Most women can recall the first time they were catcalled. Mine was when I was 13, walking alone in my home-town centre when two men in a van shouted out of their window that they would like to have sex with me. This did not remain an isolated incident. From that point on I experienced honking, shouting, and even being followed by men. Sadly, these instances of harassment became half expected when walking alone or within a group of girls.
Just last week, my friend and I were shouted at by a man on a bike by the entry of the alleyway that runs alongside Headingley Stadium. When we reached the other end of the alleyway, he had cycled around and was waiting for us to pass to comment on our bodies yet again.
Unfortunately, I am not alone in my experiences. A study by the Women and Equalities Committee found that 85% of women between the ages of 18 and 24 years old have experienced sexual harassment in public. Women and girls continue to endure this behaviour from some men who think they are within their rights to degrade and sexualise women, reducing them to the mere components of their physical beings.

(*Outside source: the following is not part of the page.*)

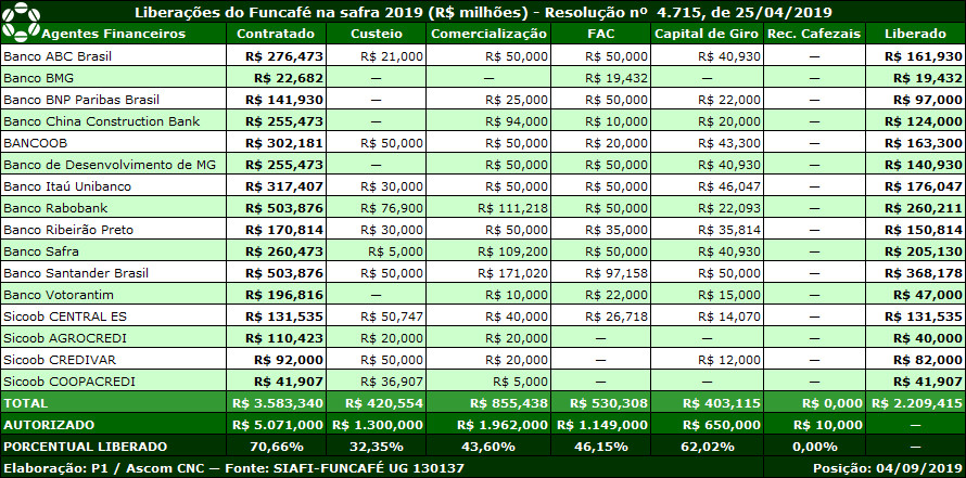 O Conselho Nacional do Café (CNC) informa que, nesta semana, foram iniciados os repasses dos recursos do Funcafé às instituições financeiras. Até hoje, dos 33 agentes que assinaram os contratos com o Mapa, 16 receberam R$ 2,209 bilhões para as linhas de Custeio, Comercialização, Financiamento para Aquisição de Café (FAC) e Capital de Giro.

The frustration of experiencing catcalling is further amplified by voices who tell women to take these incidences as “compliments”. Is it really a compliment for women to have everything about them disregarded except the outline of their bodies underneath their clothes? Their personalities and intellect deemed entirely irrelevant. Is that truly all they can be hoped to be judged by?
France, Belgium, and Portugal have all passed laws making catcalling and verbal sexual harassment punishable by large fines and in some more extreme cases in Portugal: a year in prison. Where other countries have acknowledged these acts as entirely inappropriate, the UK has not. In the UK, catcalling is still not against the law which produces an assumption that this behaviour is deemed to be acceptable.
The failure to protect women and girls against catcalling in the UK also has implications that reach much further than these uncomfortable experiences. Verbal sexual harassment and physical sexual assault are two very different things, however, they both lie on the same spectrum. When the behaviour on the less severe end of this spectrum is normalised, such as catcalling, the point of consequence is shifted further along. If harassment is only worthy of note when the incidents are more damaging to the victims, then it is already too late.
If the UK law were to criminalise catcalling it would set the standard that no behaviour anywhere along this spectrum is tolerated. By discouraging these acts at the less severe end of this spectrum it will propagate further along so that more damaging acts receive more of the outrage and disgust that they deserve, hopefully manifesting itself in an overall reduction of these crimes.
Catcalling has its roots deeply embedded in misogynism, where some boys and men are brought up to believe that women exist for their sexual gratification. Although no law will eradicate these mindsets on its own, they can help to initiate the shift in society’s attitudes towards them. History has shown us time and time again that change like this is possible. Of course, it takes time: it takes conversations and education, understanding and discussions, but a legal grounding would certainly not go amiss.